The standards of education have always been high in Halifax. She has been the educational center of the Maritime Provinces. Her academic attainments have brought to her much distinction and not a little glory. Her public schools boast many a fine record to furnish inspiration to each successive generation. To secure appointment to the Halifax teaching staff the applicant must possess the highest qualifications. But however much educational leaders may desire them, modern methods and up-to-date equipment await in large measure the public will. Only where there is a will is there a way. That the public will in Halifax is becoming awakened to the vital rôle her educators play is being proven by the response to the campaign for the expansion of Dalhousie University. That response has been most generous and general, while local contributions have been amplified by large benefactions from the Carnegie Corporation and the Rockefeller Foundation. Of the latter benefactions together amounting to one million dollars—four hundred thousand will be expended upon buildings and equipment. The modernizing process is shown again in the decision of the university to establish at once a Faculty of Commerce and to encourage the teaching of Spanish and Portuguese in the educational institutions of the city.
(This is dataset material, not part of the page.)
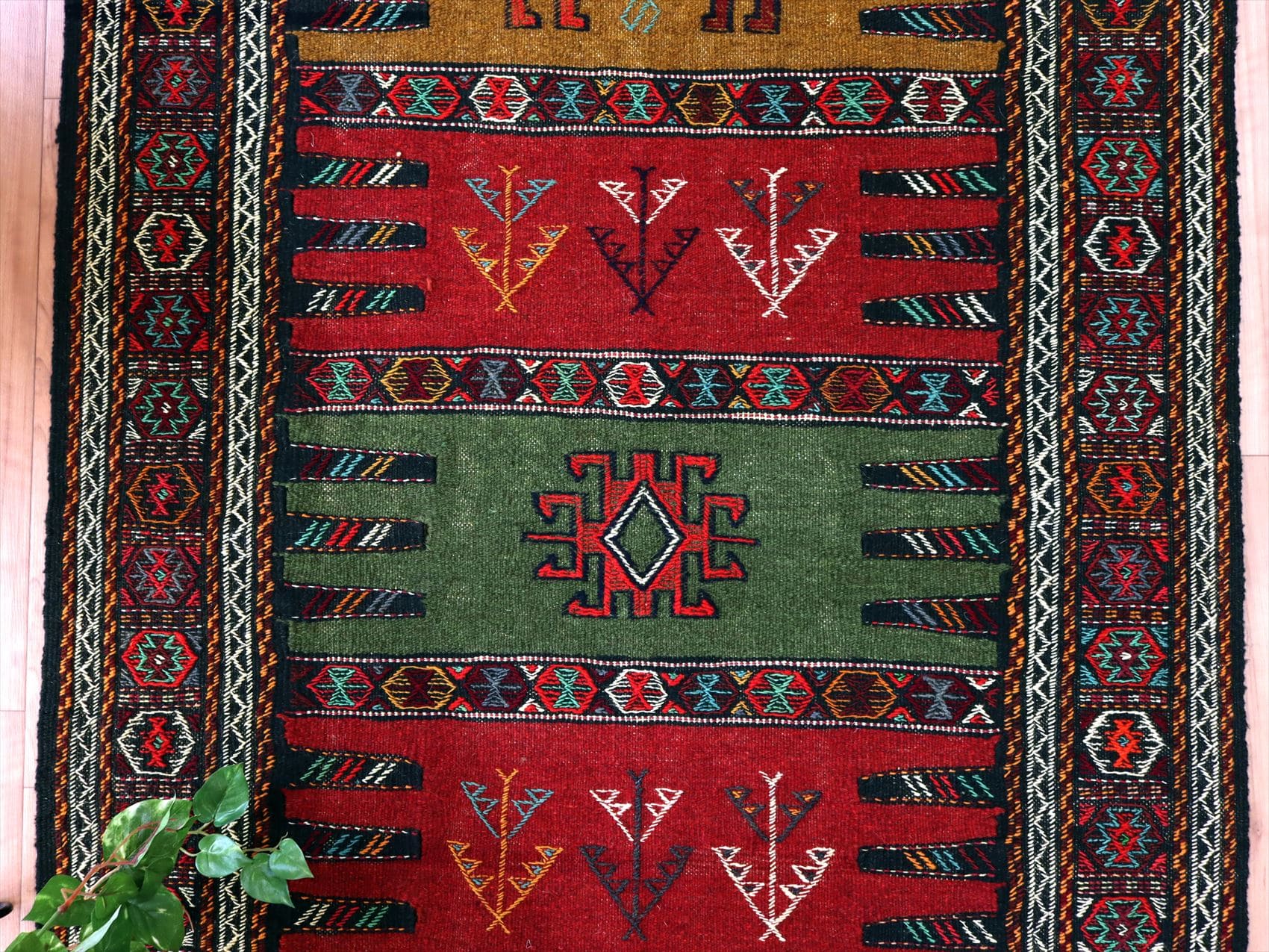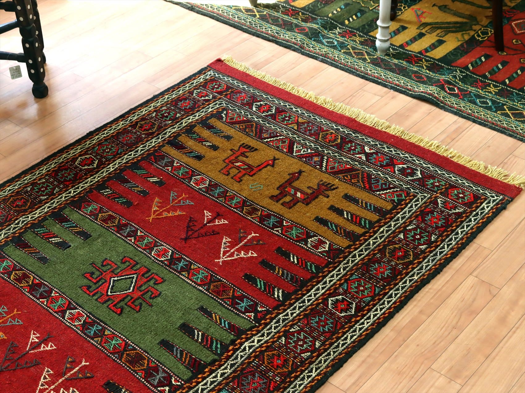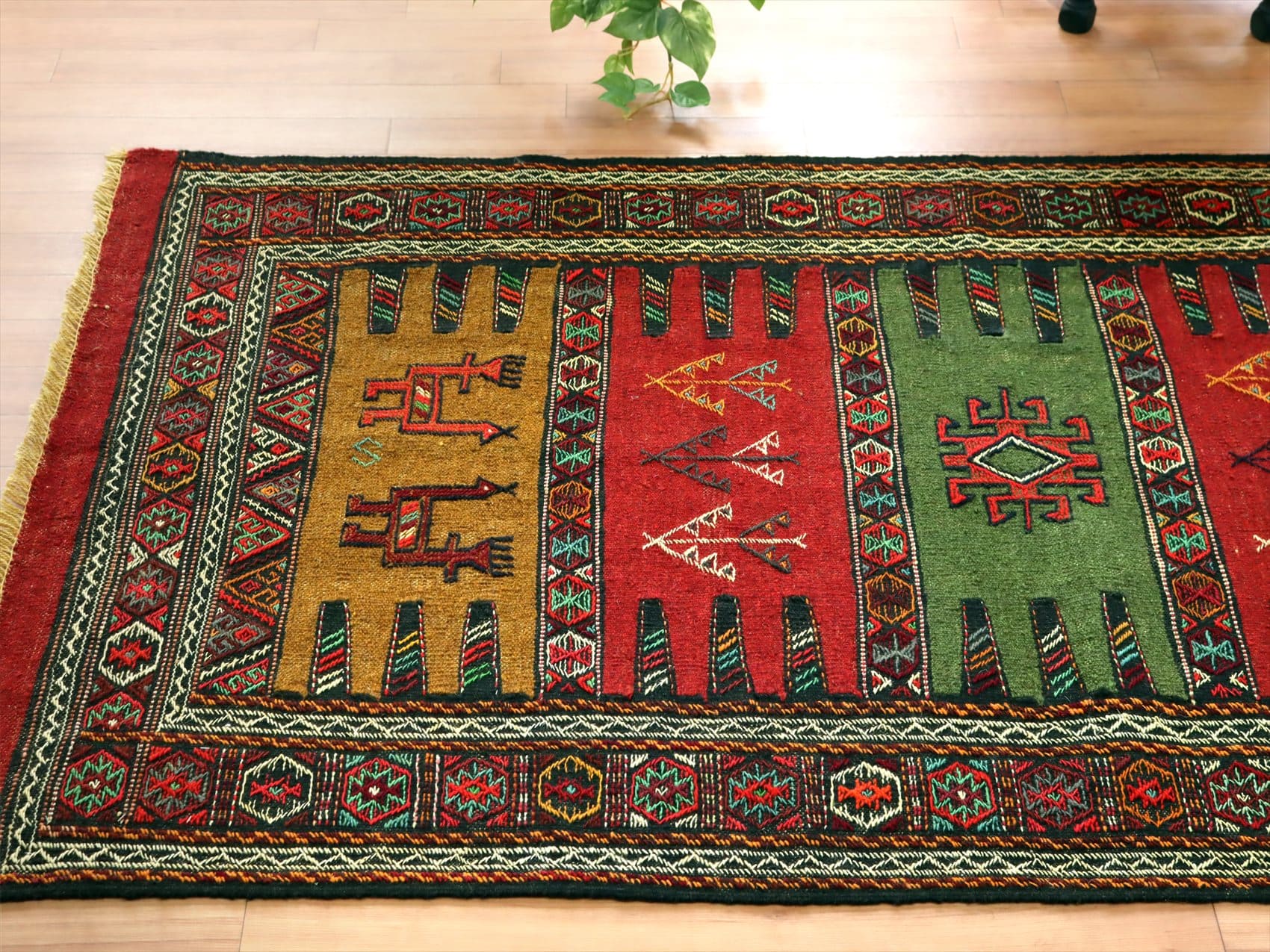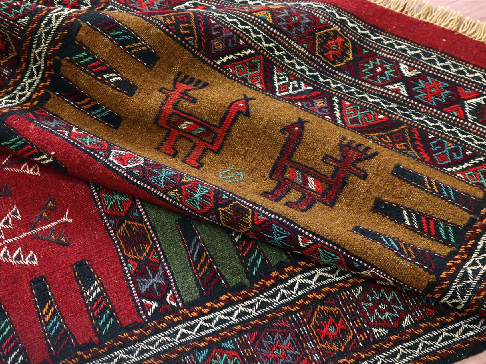 東イランの素朴な手織りキリム グチャン172×102cm 動物と植物

In the old teaching methods all are given the same course of instruction regardless of the individual mental differences. Today the effort is to provide an education to fit the mind rather than to force the mind to fit the education. In the public schools of Halifax there are not lacking indications which herald the coming of the newer pedagogy. Among these may be mentioned the opening of sub-normal classes for retarded children, experimentation with the social-recitation system, the display of Safety-First League posters and the development of those departments already established, viz. vocational and domestic training, manual and physical education, medical inspection, supervised playgrounds, school nurses, dental clinics, and the wider use of school plants in evening technical classes.

Halifax will sooner or later decide to employ to the fullest degree all the opportunities which child-training affords. The school system is an institution of society to mediate between a child and his environment. Children must learn to do and to be as well as to know. Their plastic minds must receive practice in resistance to domination by feeling and in the use of the intellect as the servant and guide of life. To the children of Halifax is due eventually a thorough training in citizenship. This is the last call of the new future in education. It rests upon the twin pillars of educational psychology and educational sociology.